WORK INSTRUCTIONS: Only the lines of the listing below that run from the line with "Choke tube box" through the line with "Dujiangyan Irrigation System" are to be set down, word for word. Pictures stay out.

[TASK INPUTS Boundary: Start]

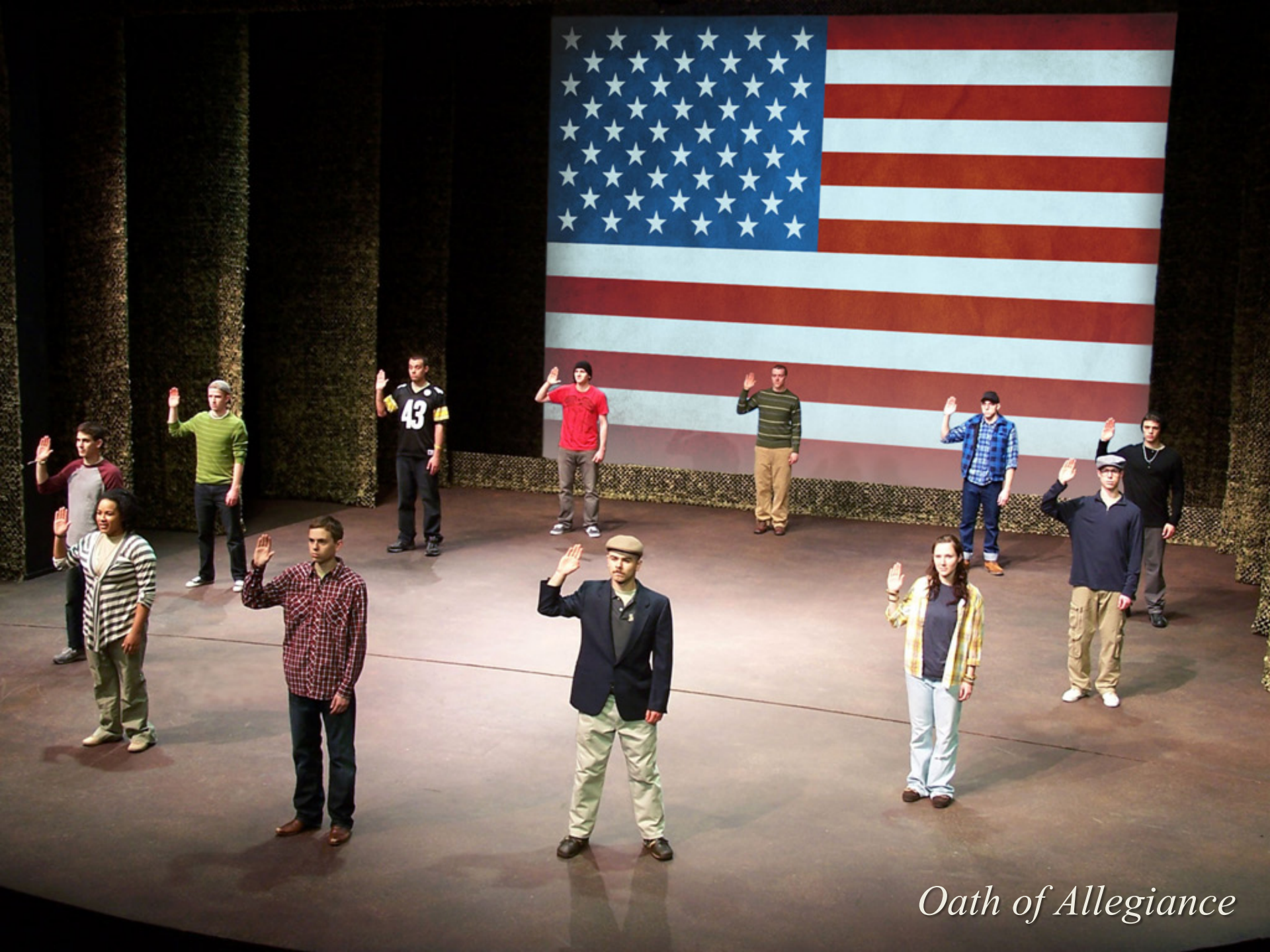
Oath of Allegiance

[TASK INPUTS Boundary: End]
[TASK INPUTS Boundary: Start]

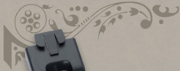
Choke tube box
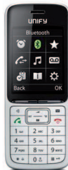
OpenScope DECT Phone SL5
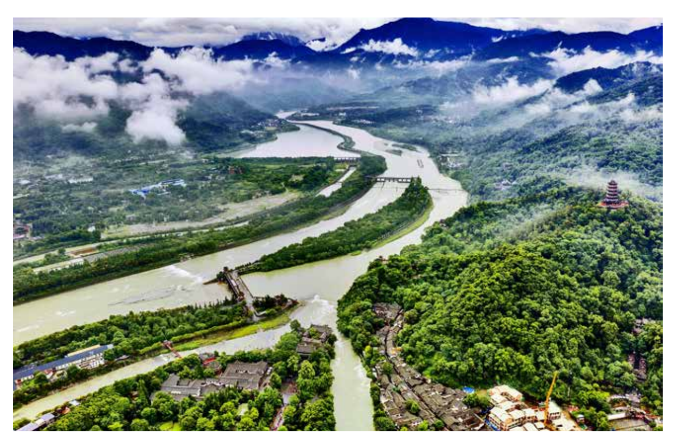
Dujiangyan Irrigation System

[TASK INPUTS Boundary: End]
[TASK INPUTS Boundary: Start]

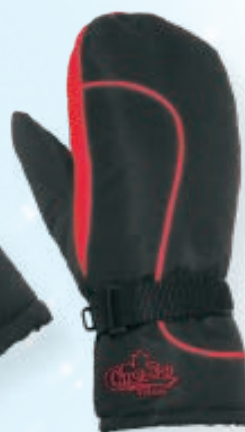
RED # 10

[TASK INPUTS Boundary: End]

RESPONSE TO THE EXERCISE:
Choke tube box
OpenScope DECT Phone SL5
Dujiangyan Irrigation System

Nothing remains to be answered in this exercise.